[Items listed in a dataset]
════════

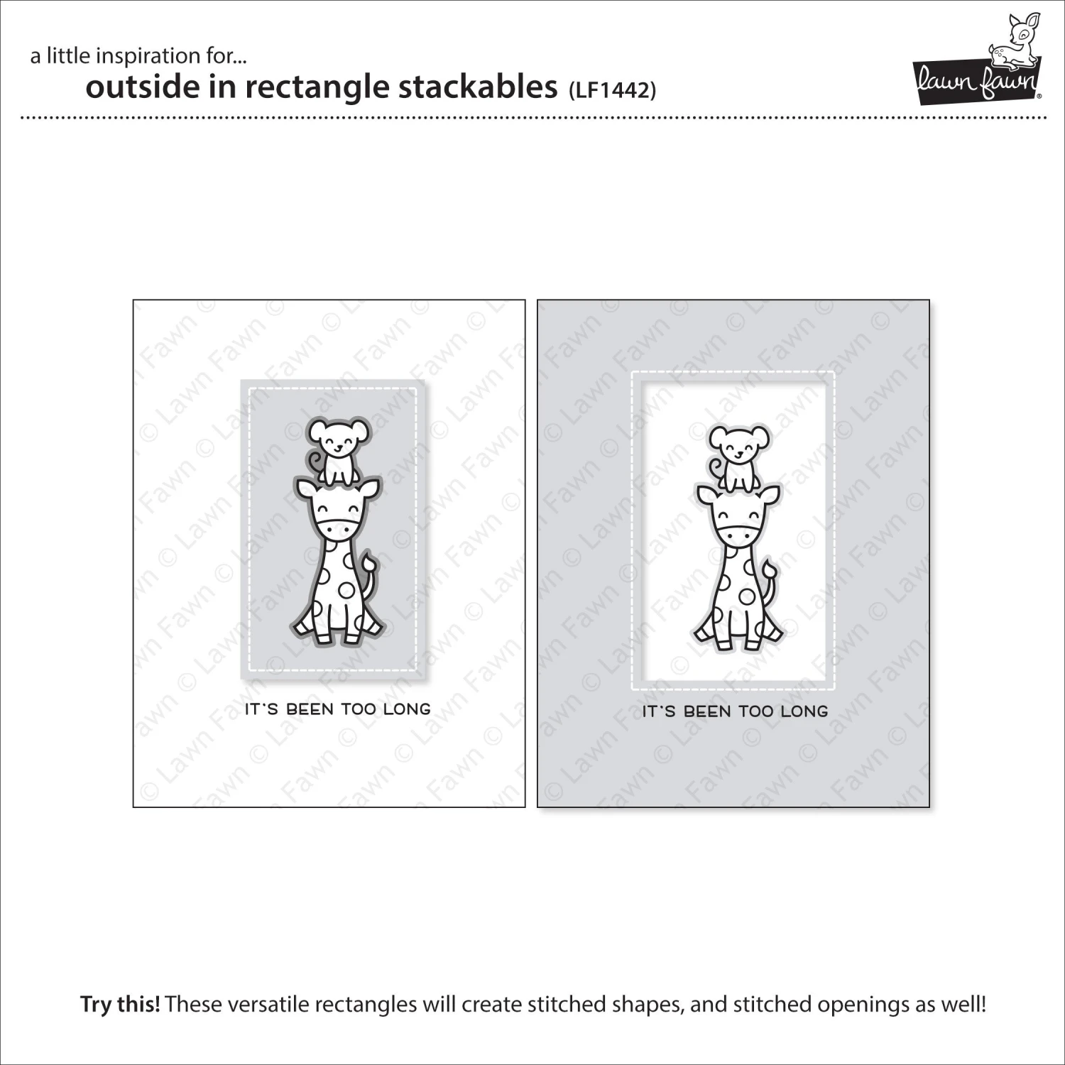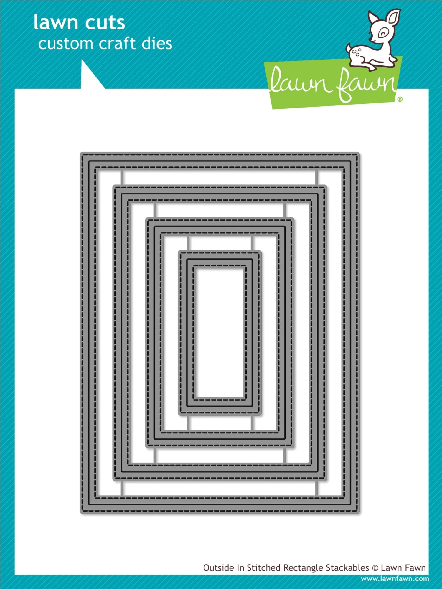 Outside In Stitched Rectangle Stackables includes four rectangles with a “stitched” border detail on the outside and inside edges. These versatile dies will create stitched shapes, and stitched openings as well!
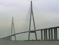 Two towers of the bridge are 306 metres (1,004 ft) high and thus the fifth tallest in the world. The total bridge length is 8,206 metres (26,923 ft). Construction began in June 2003, and the bridge was linked up in June 2007. The bridge was opened to traffic on 25 May 2008[3] and was officially opened on 30 June 2008.[4] Construction has been estimated to cost about US$1.7 billion.
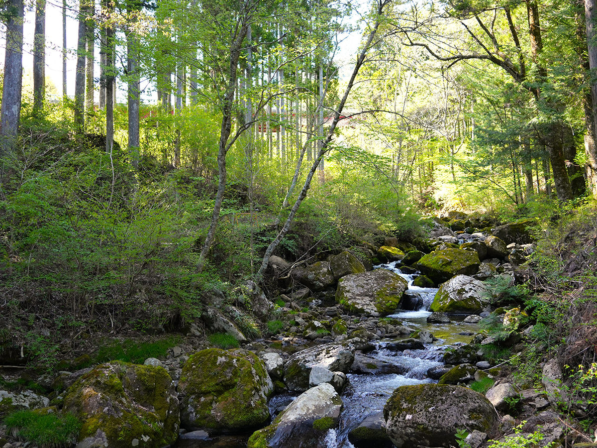 その頃、此処川宇連の地は、足助荘奥郷と称し南朝の味方でした。尹良親王はこの里に駒を進め数日逗留し、馬酔木峠を越えて行きました。鼓が滝で汗を流し、蘇枋の箸が根付いて「はなの木」になった等、古くから言い伝えが残っています。
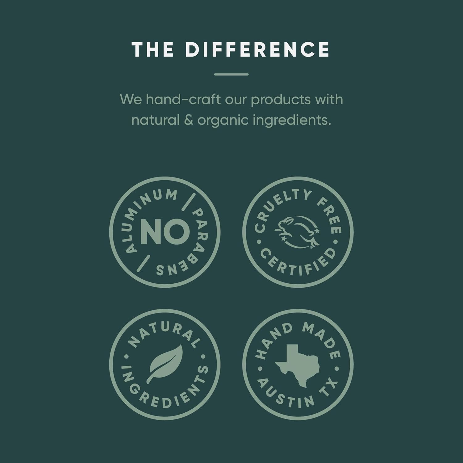 NO B.S. (bad stuff) – we mean it! No Aluminum, No Parabens, No Synthetic Fragrance, No Petroleum, and our products are Gluten Free, Non-GMO, and Cruelty Free Certified by Leaping Bunny. Our handcrafted formula has stayed the same for over a decade and all products are made in the USA.
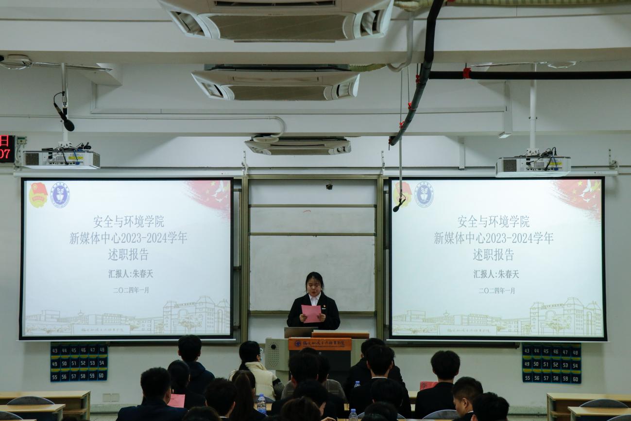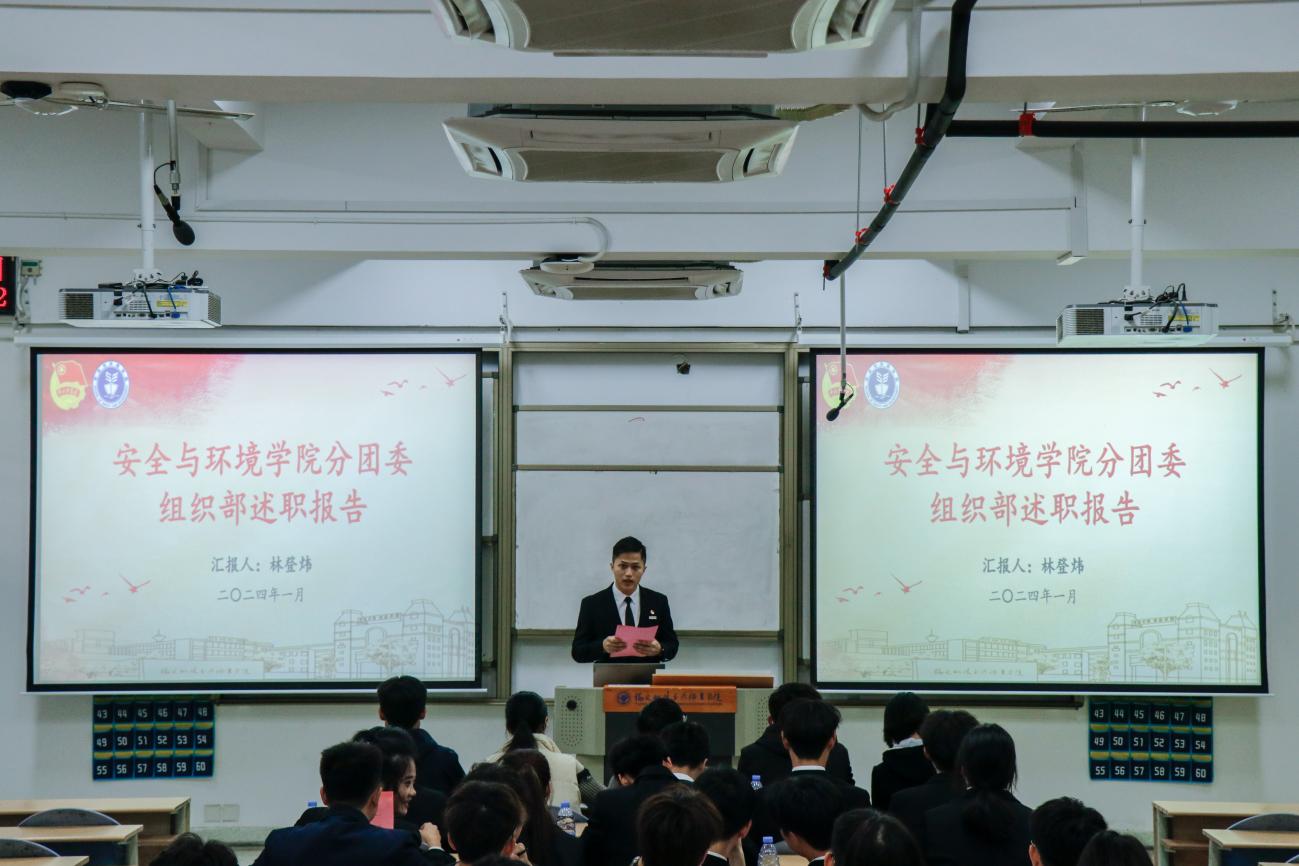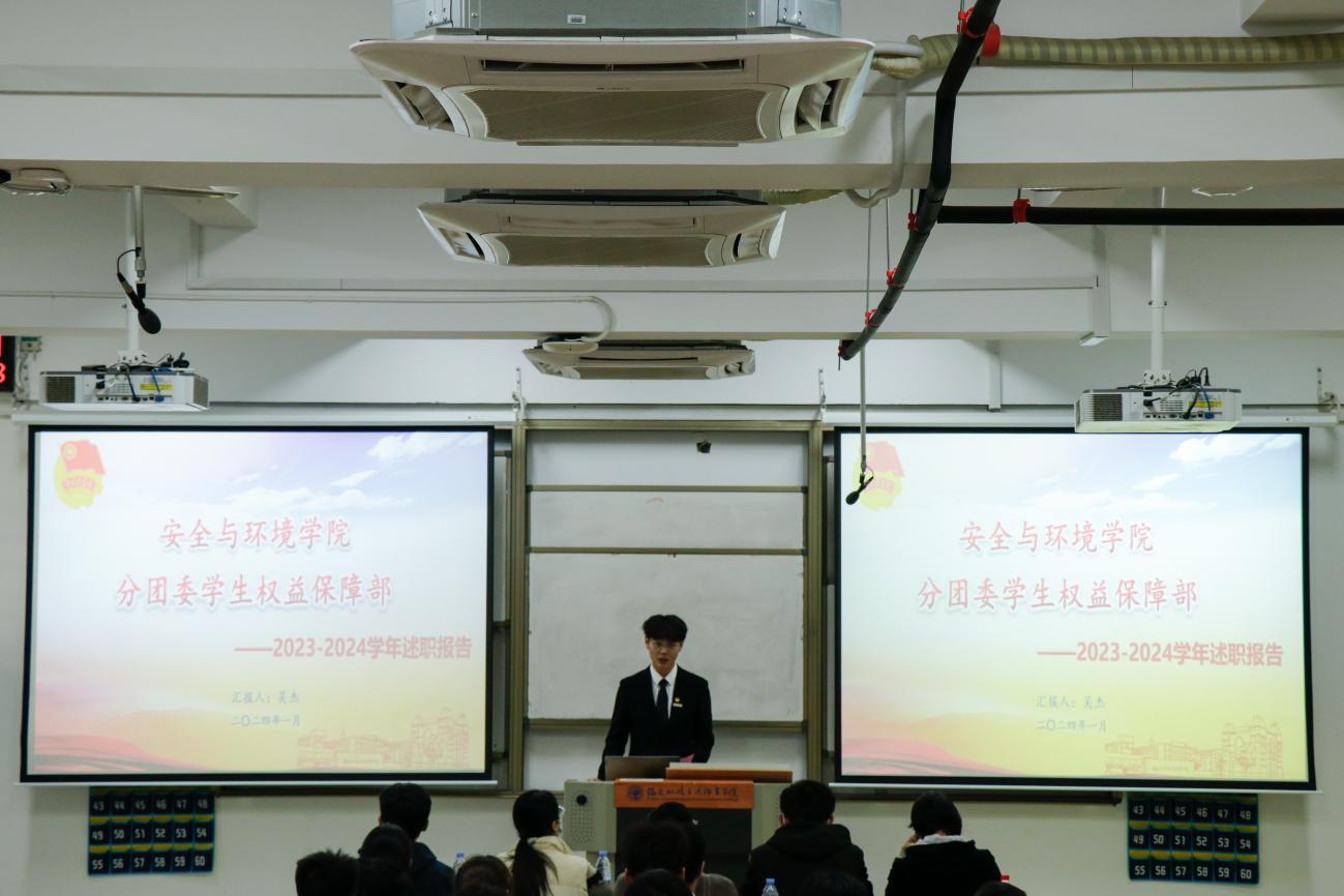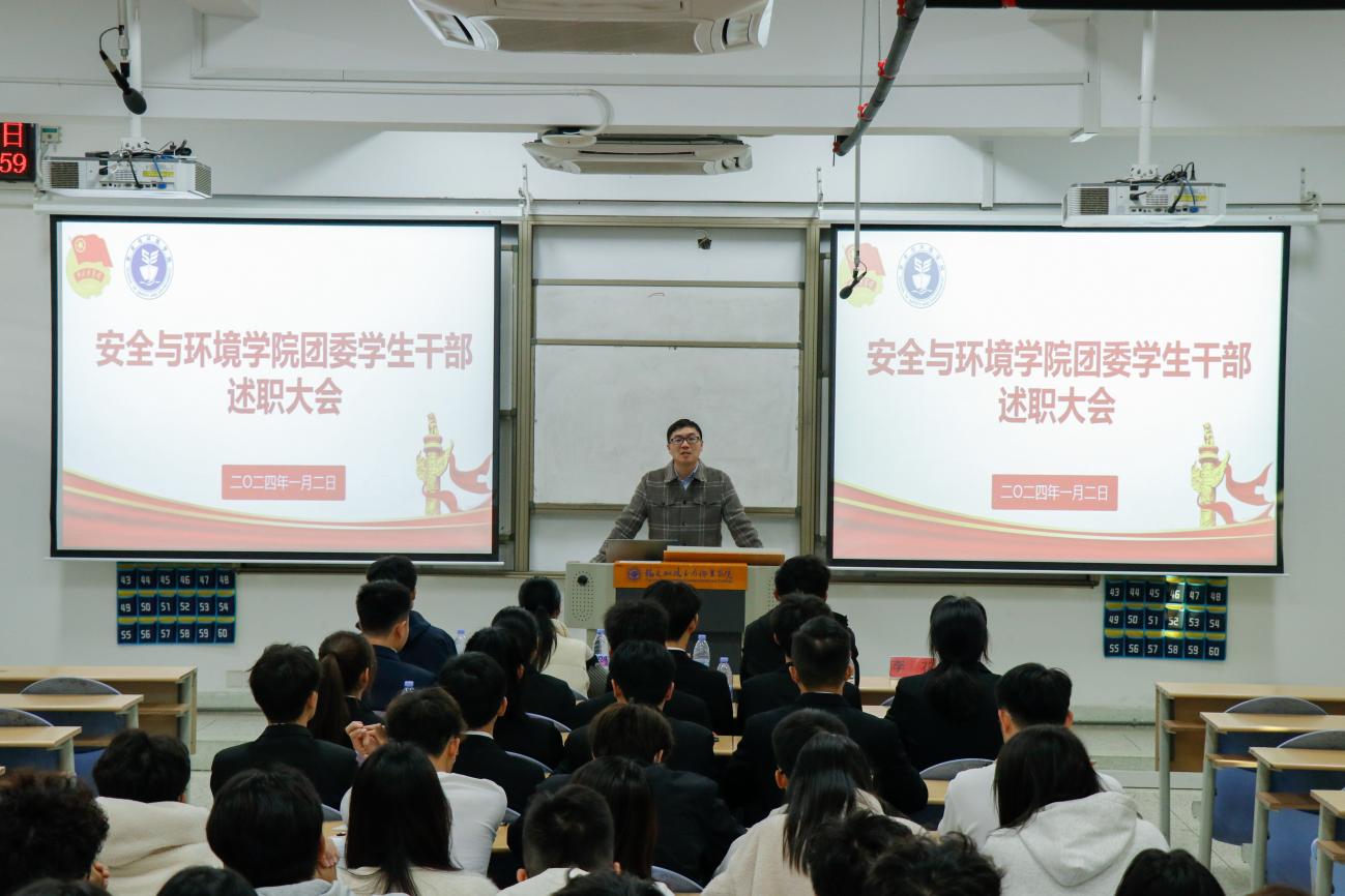 為深入學習貫徹習近平總書記關于青年工作的重要思想,進一步推動學生組織建設,提高學生干部綜合素質(zhì),總結(jié)本學年工作實效,規(guī)劃下一年度工作,2024年1月2日安全與環(huán)境學院在創(chuàng)新樓201教室組織召開團委學生干部述職大會。安全與環(huán)境學院團委書記彭志允、團委組織委員張曉珊、團委宣傳委員李花、輔導員牟鵬飛、輔導員何瀚深蒞臨本次會議。

════════

● Exercise brief
Only the lines from the line holding "その頃、此処川宇連の地は、足" through the last line above belong in the answer, repeated exactly; the pictures do not.

● Answer section
 その頃、此処川宇連の地は、足助荘奥郷と称し南朝の味方でした。尹良親王はこの里に駒を進め数日逗留し、馬酔木峠を越えて行きました。鼓が滝で汗を流し、蘇枋の箸が根付いて「はなの木」になった等、古くから言い伝えが残っています。
 NO B.S. (bad stuff) – we mean it! No Aluminum, No Parabens, No Synthetic Fragrance, No Petroleum, and our products are Gluten Free, Non-GMO, and Cruelty Free Certified by Leaping Bunny. Our handcrafted formula has stayed the same for over a decade and all products are made in the USA.
 為深入學習貫徹習近平總書記關于青年工作的重要思想,進一步推動學生組織建設,提高學生干部綜合素質(zhì),總結(jié)本學年工作實效,規(guī)劃下一年度工作,2024年1月2日安全與環(huán)境學院在創(chuàng)新樓201教室組織召開團委學生干部述職大會。安全與環(huán)境學院團委書記彭志允、團委組織委員張曉珊、團委宣傳委員李花、輔導員牟鵬飛、輔導員何瀚深蒞臨本次會議。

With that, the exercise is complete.